» What you should do
Each line from the top of the listing through the one holding "Zestaw kombinezon z" should be restated word for word, with nothing added and no pictures.

» Data block
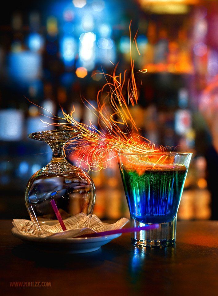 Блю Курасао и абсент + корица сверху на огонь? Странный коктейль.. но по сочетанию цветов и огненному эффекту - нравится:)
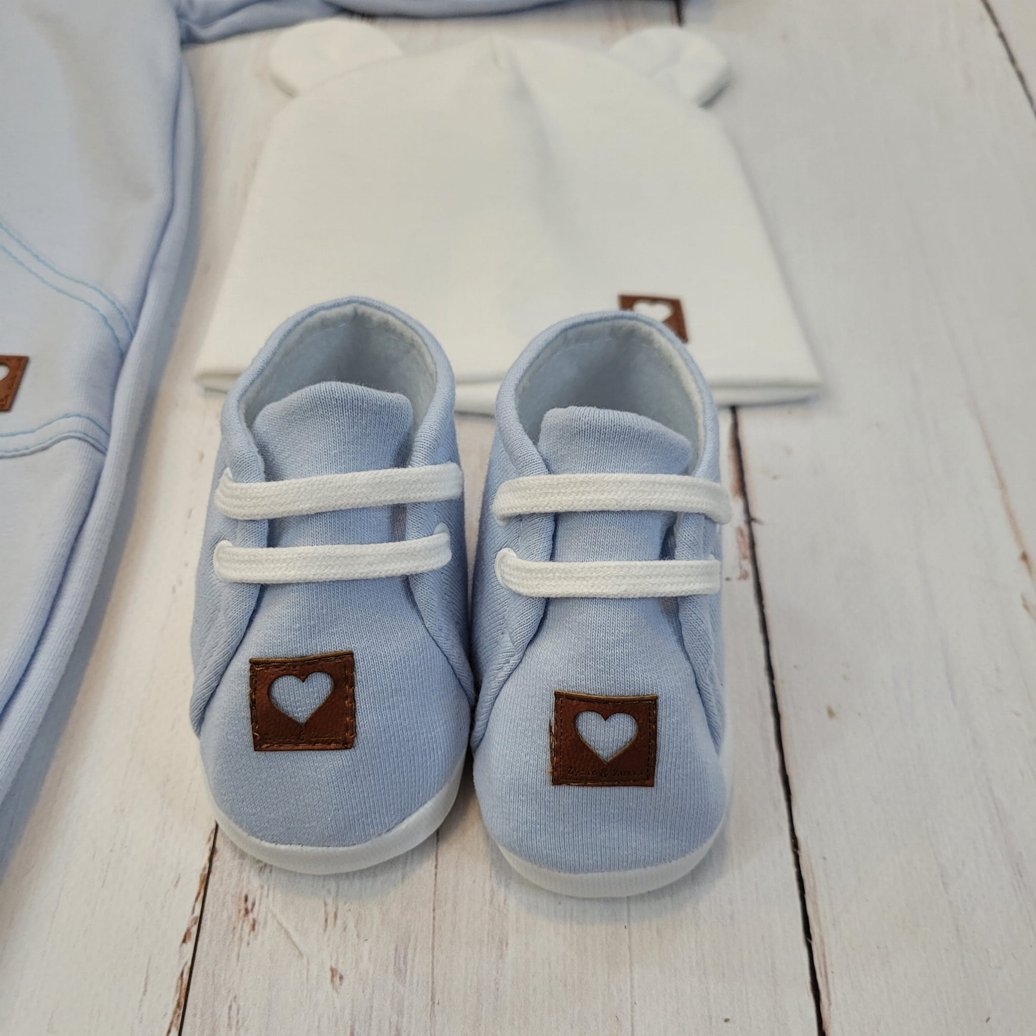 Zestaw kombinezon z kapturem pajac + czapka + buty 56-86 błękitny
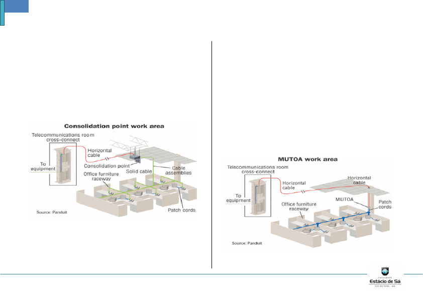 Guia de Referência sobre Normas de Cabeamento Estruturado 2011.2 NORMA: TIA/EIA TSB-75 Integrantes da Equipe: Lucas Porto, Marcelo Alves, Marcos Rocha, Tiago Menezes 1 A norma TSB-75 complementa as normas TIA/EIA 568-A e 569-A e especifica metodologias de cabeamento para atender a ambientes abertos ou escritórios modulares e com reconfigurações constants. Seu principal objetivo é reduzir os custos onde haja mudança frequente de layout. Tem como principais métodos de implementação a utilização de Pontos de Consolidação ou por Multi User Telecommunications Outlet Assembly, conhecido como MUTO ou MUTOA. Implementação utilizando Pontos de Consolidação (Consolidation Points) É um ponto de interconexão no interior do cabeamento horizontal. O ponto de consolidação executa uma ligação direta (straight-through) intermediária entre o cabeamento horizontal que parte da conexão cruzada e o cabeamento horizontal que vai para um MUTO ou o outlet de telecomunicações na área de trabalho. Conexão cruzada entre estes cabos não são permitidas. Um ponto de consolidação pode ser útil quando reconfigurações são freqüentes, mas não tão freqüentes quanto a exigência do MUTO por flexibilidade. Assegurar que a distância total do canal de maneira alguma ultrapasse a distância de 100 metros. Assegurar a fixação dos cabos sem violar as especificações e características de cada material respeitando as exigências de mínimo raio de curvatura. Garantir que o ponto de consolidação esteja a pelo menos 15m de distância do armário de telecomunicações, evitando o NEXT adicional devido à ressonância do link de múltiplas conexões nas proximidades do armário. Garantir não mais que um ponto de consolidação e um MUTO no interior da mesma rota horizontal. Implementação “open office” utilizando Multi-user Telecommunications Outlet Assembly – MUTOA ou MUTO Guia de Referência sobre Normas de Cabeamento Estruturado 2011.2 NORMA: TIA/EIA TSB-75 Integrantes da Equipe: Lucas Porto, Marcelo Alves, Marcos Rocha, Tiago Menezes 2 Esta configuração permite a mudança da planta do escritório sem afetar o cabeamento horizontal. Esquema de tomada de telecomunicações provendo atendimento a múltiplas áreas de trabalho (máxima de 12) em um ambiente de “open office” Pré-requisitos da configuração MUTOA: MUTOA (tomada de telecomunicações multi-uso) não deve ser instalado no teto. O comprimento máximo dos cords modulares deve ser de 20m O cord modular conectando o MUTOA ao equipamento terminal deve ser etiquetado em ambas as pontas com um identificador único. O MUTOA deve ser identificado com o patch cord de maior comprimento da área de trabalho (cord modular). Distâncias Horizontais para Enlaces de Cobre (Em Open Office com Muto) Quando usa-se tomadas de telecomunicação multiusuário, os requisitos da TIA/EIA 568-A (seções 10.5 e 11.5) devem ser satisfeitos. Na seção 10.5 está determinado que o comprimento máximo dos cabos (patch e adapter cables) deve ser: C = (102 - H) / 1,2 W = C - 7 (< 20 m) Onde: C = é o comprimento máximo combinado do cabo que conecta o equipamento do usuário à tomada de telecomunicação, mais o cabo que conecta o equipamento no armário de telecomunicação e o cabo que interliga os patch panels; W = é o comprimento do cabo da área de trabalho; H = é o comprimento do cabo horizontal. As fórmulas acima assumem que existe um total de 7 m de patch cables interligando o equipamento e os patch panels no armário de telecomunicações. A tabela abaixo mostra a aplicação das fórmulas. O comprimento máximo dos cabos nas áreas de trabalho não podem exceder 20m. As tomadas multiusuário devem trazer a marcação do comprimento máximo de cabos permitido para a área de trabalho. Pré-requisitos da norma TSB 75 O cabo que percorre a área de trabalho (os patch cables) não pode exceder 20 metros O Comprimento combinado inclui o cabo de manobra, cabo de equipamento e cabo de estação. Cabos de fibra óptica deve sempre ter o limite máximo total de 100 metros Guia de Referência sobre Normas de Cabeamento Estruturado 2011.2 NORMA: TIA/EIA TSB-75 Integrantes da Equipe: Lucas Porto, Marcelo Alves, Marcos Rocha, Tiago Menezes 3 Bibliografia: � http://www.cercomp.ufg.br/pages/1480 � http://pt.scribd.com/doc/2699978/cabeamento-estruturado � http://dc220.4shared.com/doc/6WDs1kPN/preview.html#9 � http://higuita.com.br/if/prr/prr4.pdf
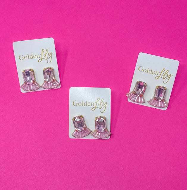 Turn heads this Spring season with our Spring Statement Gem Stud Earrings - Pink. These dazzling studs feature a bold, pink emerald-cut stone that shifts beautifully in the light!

» Finished task
 Блю Курасао и абсент + корица сверху на огонь? Странный коктейль.. но по сочетанию цветов и огненному эффекту - нравится:)
 Zestaw kombinezon z kapturem pajac + czapka + buty 56-86 błękitny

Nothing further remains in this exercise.